Better late than never, Wildrose Leader Danielle Smith has recognized that building a big-tent party does not mean making room for intolerance.

In a recent interview with a website for lesbian, transgendered and bisexual women, Ms. Smith finally acknowledged the obvious: The fire-and-brimstone homophobia of former Wildrose candidate Allan Hunsperger, who called public schools "godless" for preaching tolerance and claimed that gay people would "suffer the rest of eternity in the lake of fire, hell, a place of eternal suffering," made him an unfit candidate in the riding of Edmonton-South West in this past spring's Alberta election campaign.

In fact, the controversy around Mr. Hunsperger did damage to Wildrose far beyond the boundaries of one constituency. It helped show that the party, which seemed to be on its way to victory, was not ready for prime time.

Wildrose was hardly the first new party to inadequately vet its candidates, and to an extent such embarrassments can be chalked up to growing pains. Still, Ms. Smith's poor judgment made the situation worse than it needed to be.

In the heat of the campaign, she refused to condemn Mr. Hunsperger's comments. Despite being socially liberal herself, she seemingly believed enough of her party's supporters were sympathetic to Mr. Hunsperger's views that it would be damaging to distance herself too much.

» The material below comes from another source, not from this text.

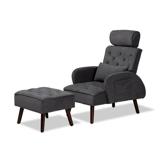 Baxton Studio Valentina Mid-Century Modern Tran... Baxton Studio Valentina Mid-Century Modern Transitional Grey Velvet Fabric Upholstered and Natural Wood Finished Armchair
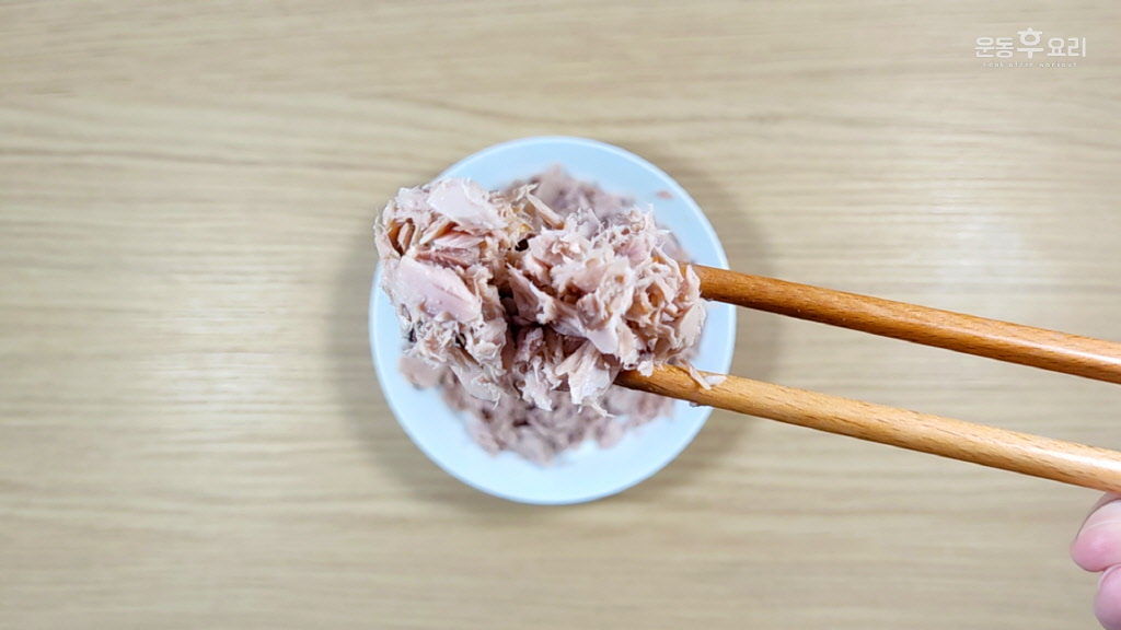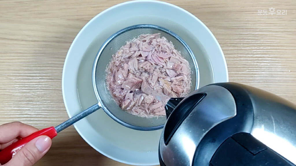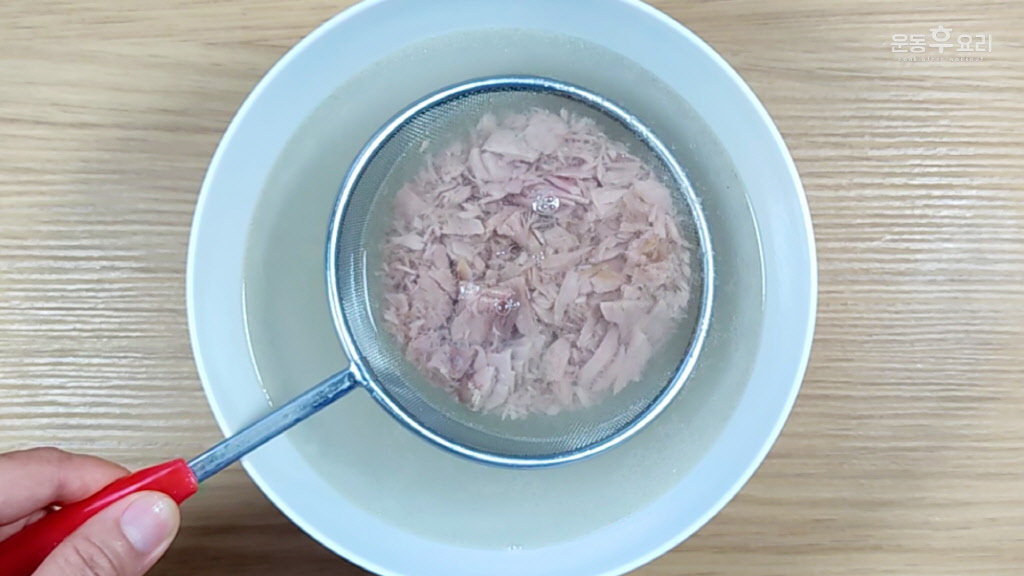 뜨거운 물에 참치를 20~30초 정도 담가두면 기름이 둥둥 뜨면서 기름이 빠지게 됩니다.

Instead, that controversy, and a similar one in which she declined to speak out against a candidate who said he had an advantage because he was Caucasian, contributed to Wildrose capturing only 17 of Alberta's 78 seats – and offered a lesson about the perils of pandering.

Thankfully, Ms. Smith has evidently learned it. It's a small step toward making her party a more viable option, even if it's a belated one.